DATA EXTRACT:
┌──
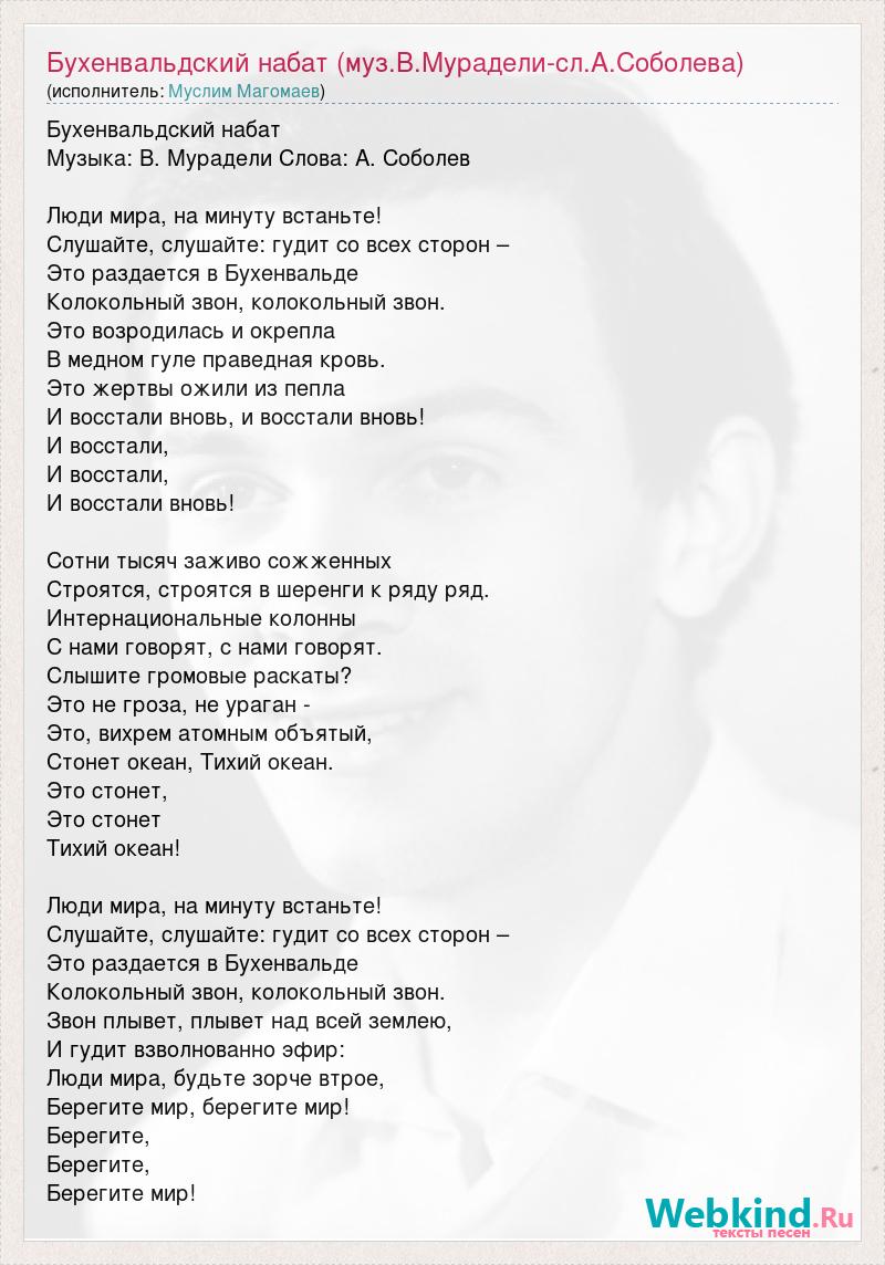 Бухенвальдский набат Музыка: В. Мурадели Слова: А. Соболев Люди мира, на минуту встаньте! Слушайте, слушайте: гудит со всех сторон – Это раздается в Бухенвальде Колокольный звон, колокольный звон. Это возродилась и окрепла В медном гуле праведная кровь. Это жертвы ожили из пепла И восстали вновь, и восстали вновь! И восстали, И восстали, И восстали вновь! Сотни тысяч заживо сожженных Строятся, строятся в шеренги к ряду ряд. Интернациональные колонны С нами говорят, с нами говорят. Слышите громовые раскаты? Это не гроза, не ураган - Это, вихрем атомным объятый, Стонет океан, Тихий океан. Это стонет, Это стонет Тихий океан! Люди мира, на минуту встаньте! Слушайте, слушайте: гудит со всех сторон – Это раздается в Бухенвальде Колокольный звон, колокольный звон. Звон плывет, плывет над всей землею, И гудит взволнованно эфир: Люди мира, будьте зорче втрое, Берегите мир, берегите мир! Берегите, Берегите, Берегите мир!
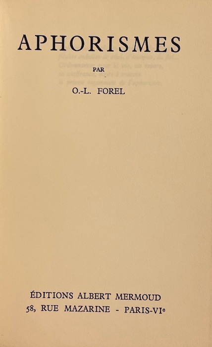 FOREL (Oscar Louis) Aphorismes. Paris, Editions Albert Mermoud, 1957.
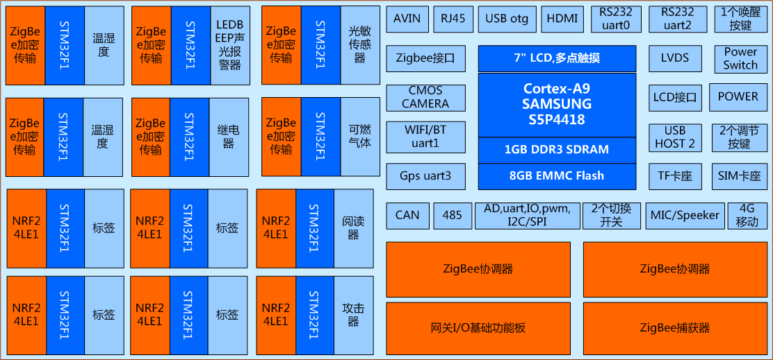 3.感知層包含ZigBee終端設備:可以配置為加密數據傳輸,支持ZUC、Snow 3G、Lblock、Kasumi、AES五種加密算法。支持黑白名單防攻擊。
└──
TASK DIRECTIONS:
From the first line to the last, retype the data exactly, but omit every image.

OUTPUT FOR THIS EXERCISE:
 Бухенвальдский набат Музыка: В. Мурадели Слова: А. Соболев Люди мира, на минуту встаньте! Слушайте, слушайте: гудит со всех сторон – Это раздается в Бухенвальде Колокольный звон, колокольный звон. Это возродилась и окрепла В медном гуле праведная кровь. Это жертвы ожили из пепла И восстали вновь, и восстали вновь! И восстали, И восстали, И восстали вновь! Сотни тысяч заживо сожженных Строятся, строятся в шеренги к ряду ряд. Интернациональные колонны С нами говорят, с нами говорят. Слышите громовые раскаты? Это не гроза, не ураган - Это, вихрем атомным объятый, Стонет океан, Тихий океан. Это стонет, Это стонет Тихий океан! Люди мира, на минуту встаньте! Слушайте, слушайте: гудит со всех сторон – Это раздается в Бухенвальде Колокольный звон, колокольный звон. Звон плывет, плывет над всей землею, И гудит взволнованно эфир: Люди мира, будьте зорче втрое, Берегите мир, берегите мир! Берегите, Берегите, Берегите мир!
 FOREL (Oscar Louis) Aphorismes. Paris, Editions Albert Mermoud, 1957.
 3.感知層包含ZigBee終端設備:可以配置為加密數據傳輸,支持ZUC、Snow 3G、Lblock、Kasumi、AES五種加密算法。支持黑白名單防攻擊。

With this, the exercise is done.